Question

A compound whose empirical formula is \(\mathrm{XF}_{3}\) consists of \(65 \%\) \(\mathrm{F}\) by mass. What is the atomic mass of \(\mathrm{X} ?\)

Short answer

The atomic mass of element X in the compound XF3, which is 65% fluorine by mass, is approximately \(30.69 g/mol\).

Step-by-step solution

Determine the atomic mass of fluorine and calculate the mass of 3 fluorine atoms in the compound

The atomic mass of fluorine (F) is approximately 19 g/mol. Since there are 3 fluorine atoms in the formula XF3, we can calculate the mass of fluorine in the compound: Mass of 3 F atoms = 3 × atomic mass of F = 3 × 19 g/mol = 57 g/mol

Calculate the mass of element X in the compound

Since the compound is 65% fluorine by mass, the remaining percentage must be the mass of element X in the compound. Therefore, the mass percentage of element X in the compound is: 100% - 65% = 35% Now, we can determine the mass of element X in the compound by finding the mass equivalent of 35%. Since the mass of 3 F atoms in the compound equals 57 g/mol (calculated in Step 1), we can set up the equation: (35 g X) / (57 g F) = 35% Solve for the mass of X: 35 g X = 0.35 × 57 g F Mass of X = 19.95 g/mol Since the mass percentage of a single atom of X should be the same as the mass percentage in the compound, we can set up the equation: Mass of 1 X atom / (57 g F + Mass of 1 X atom) = 35%

Calculate the atomic mass of element X

Now, we will solve the equation we set up in Step 2 to find the atomic mass of element X: Mass of 1 X atom / (57 g F + Mass of 1 X atom) = 35% Let the atomic mass of X be 'm'. m / (57 + m) = 0.35 Solving for 'm', we get: m = 0.35 × (57 + m) m = 19.95 + 0.35m Now, subtract 0.35m from both sides to get: 0.65m = 19.95 Finally, we can find the atomic mass of X by dividing both sides by 0.65: m = 19.95 / 0.65 m ≈ 30.69 g/mol Thus, the atomic mass of element X is approximately 30.69 g/mol.

Key concepts

Empirical Formula

The empirical formula is a crucial concept in chemistry and represents the simplest ratio of elements in a compound. For instance, the empirical formula of the compound in the exercise is \(\mathrm{XF}_{3}\). This signifies that for every atom of element \(X\), there are three atoms of fluorine.

The empirical formula does not necessarily convey the exact number of each type of atom in the compound. It only shows the lowest possible ratio.
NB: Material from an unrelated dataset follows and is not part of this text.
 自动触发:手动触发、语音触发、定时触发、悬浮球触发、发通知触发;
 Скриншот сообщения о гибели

However, it provides foundational information necessary to determine the compound's molecular formula, if the molar mass is known.
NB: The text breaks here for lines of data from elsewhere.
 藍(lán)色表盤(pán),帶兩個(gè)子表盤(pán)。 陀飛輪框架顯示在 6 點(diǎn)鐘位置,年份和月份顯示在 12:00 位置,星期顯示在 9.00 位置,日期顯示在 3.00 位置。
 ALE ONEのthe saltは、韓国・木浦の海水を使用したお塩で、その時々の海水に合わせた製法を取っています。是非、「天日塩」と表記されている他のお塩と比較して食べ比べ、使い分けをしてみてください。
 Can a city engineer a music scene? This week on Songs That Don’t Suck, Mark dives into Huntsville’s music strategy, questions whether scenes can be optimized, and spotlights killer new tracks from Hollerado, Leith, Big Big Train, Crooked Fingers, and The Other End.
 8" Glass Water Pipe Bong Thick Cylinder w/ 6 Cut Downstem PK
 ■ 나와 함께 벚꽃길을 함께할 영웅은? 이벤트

• Empirical formulas simplify comparison between different compounds.
• Helps in calculating relative molar masses.
• Often used as a starting point for finding molecular formulas.

Fluorine

Fluorine is an essential element in chemistry, especially in organofluorine compounds. In the problem provided, fluorine's atomic mass is noted as 19 g/mol, and it plays a significant role in determining the mass percentage composition of the compound \(\mathrm{XF}_{3}\).

Fluorine is highly electronegative, affecting the properties of compounds it forms. Its presence in a compound can influence both its chemical reactivity and stability. Calculating the mass of 3 fluorine atoms involved a multiplication of its atomic mass by 3, which helped in setting the groundwork for further calculations in this problem.

• Commonly used in halogenation reactions.
• A major component in non-stick coatings and refrigerants.
• Presents in high percentages, influences compound's properties significantly.

Mass Percentage Composition

Understanding mass percentage composition is vital for determining the relative amounts of components in a compound. In our exercise, around 65% of the compound is made up of fluorine. This means that when you calculate the mass of component elements, you attribute 65% of the total mass to fluorine.

Mass percentage is calculated by dividing the mass of the element of interest by the total mass of the compound, and then multiplying the result by 100. In this problem:

• Knowing fluorine's contribution helped determine the remaining mass percentage for element X.
• Essential in calculating unknown component’s proportional weight in a compound.
• Useful in various applications, including formulation of medicines and materials.

By understanding and calculating mass percentage composition, we can clearly see the distribution of each element in the compound, which plays a crucial role in determining molecular and empirical formulas.